Defunct relatives of genes; arise by duplication or retrotransposition.
Types
- Gene fragments (single/multi-exon).
- Unprocessed (whole gene incl. introns; often mutated splice sites).
- Processed pseudogenes (cDNA copies re-inserted; lack introns, often flanked by direct repeats).
Provide raw material for evolution; can regulate cognate genes via competing RNA mechanisms.

Protein-Coding Genes

Although only ≈1.5 % of genome, heavily studied.
Copy number
- Single-copy (e.g., β-globin).
- Multicopy clusters (e.g., HLA class I).
Evolution
- Gene families via duplication/divergence.
- Superfamilies share conserved domains (e.g., Immunoglobulin-superfamily).
Identification in silico by aligning mRNAs/cDNAs to genomic DNA (EST projects, GenBank).
Standardized nomenclature crucial for data sharing.

Overlap & Orientation

Genes frequently overlap, reside on opposite strands, or embed within introns of larger genes; pseudogenes intermingle with functional loci—complicates annotation.

“Average” Gene Statistics (IHGSC 2001)

Size range: 2 kb → 2 Mb (huge variability).
Protein length: broad distribution.
UTR lengths: 3' UTRs generally longer than 5'.
Alternate first exons common—promoter diversity.

Alternative Splicing & Proteome Size

Only 20–25 k genes yet estimated 50–100 k proteins; explanatory factor: >60 % of multi-exon genes undergo alternative splicing.
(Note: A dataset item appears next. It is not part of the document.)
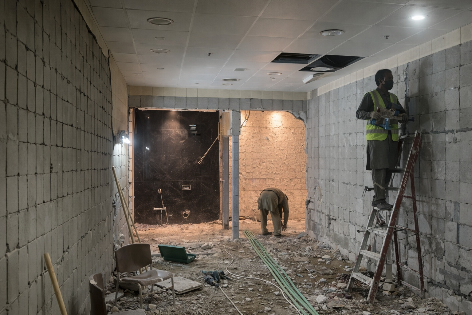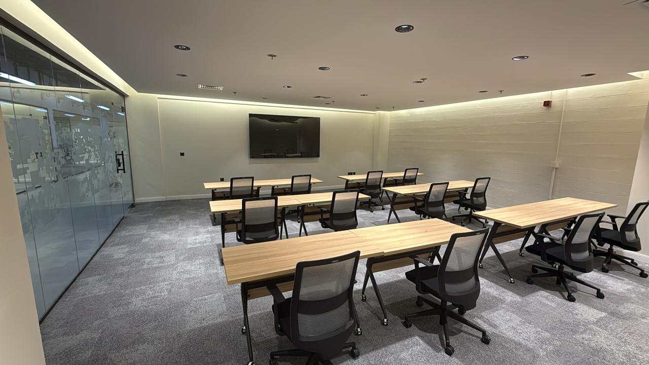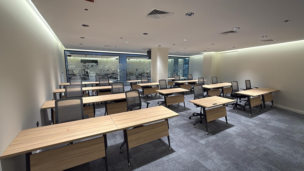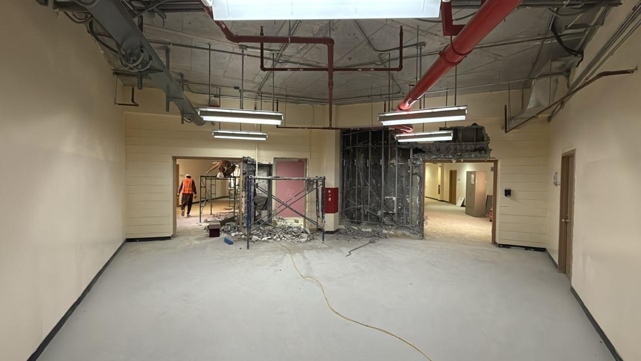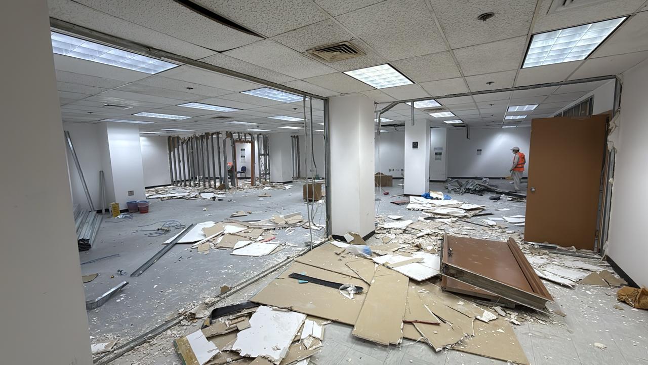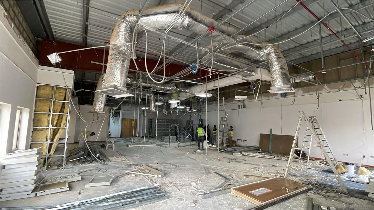 المساحه 2800 متر مربع المده 60 يوم إزالة أرضيات البلاط القديم وتاسيس سباكه وكهرباء وعمل جبس بورد وتركيب دكتات التكييف وتركيب الفواصل وتوريد الاجهزه الالكترونيه والاثاث المكتبي بالكامل

Example: Cell-Surface Receptor Architecture

Typical domain layout
1. N-terminal leader (signal peptide) ~20 aa.
2. Variable extracellular domains (e.g., Ig-like).
3. Stalk/linker.
4. Transmembrane helix ± membrane anchor.
5. Intracellular tail for signaling (ITAM, SH2/SH3-binding sites, etc.).
NKp44 receptor (6p21.1) follows such modular blueprint.

Laboratory & Diagnostic Connections

PCR, RT-PCR, qPCR: leverage replication & transcription principles.
Sequencing technologies employ chain-terminating nucleotides (Sanger) or nucleotide incorporation chemistry (pyrosequencing, semiconductor).
Splicing assays detect aberrant exon usage in genetic disease.
Genome browsers, BLAST, and annotation databases essential for variant interpretation.
Chromatin immunoprecipitation, DNase-seq, ATAC-seq probe packaging and regulatory landscapes.
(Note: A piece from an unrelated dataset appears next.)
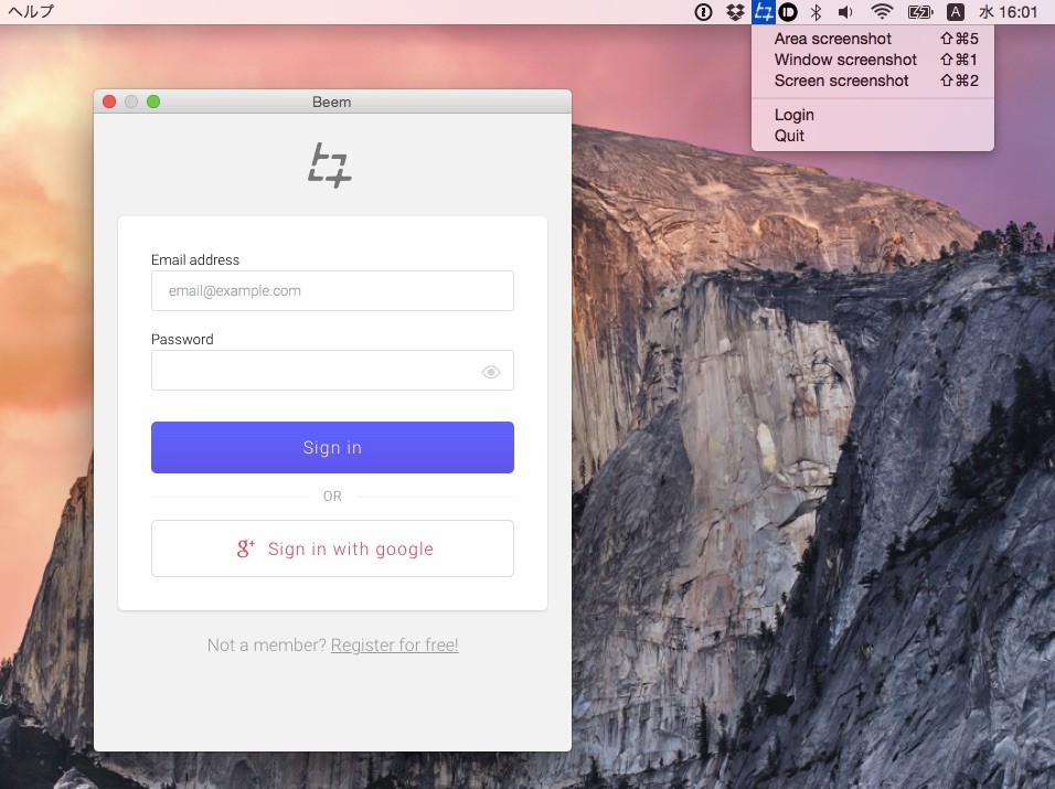 使い方はアプリをインストールしてBeemアカウントかGoogleのアカウントでログイン。後はメニュバーのアイコンかショートカットキーでスクリーンショットを撮影しると自動的にBeemにアップロードされURLを発行してくれます。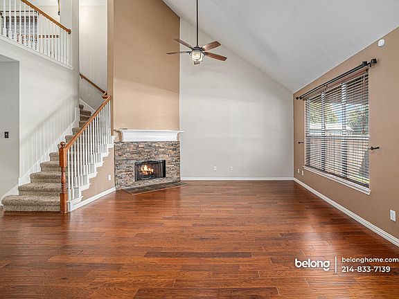 Stone fireplaceLarge lofted areaRich wood floorsBlack appliancesGranite countertopsAdditional seating areaWater fountain

Ethical & Practical Considerations

Genomic data raises privacy issues; variant interpretation impacts clinical decision-making.
Understanding of genome architecture informs gene therapy vector design & off-target risk assessment.
Transposon remnants present challenges for genome editing (CRISPR mismatch binding) but also offer tools (e.g., sleeping beauty transposase systems).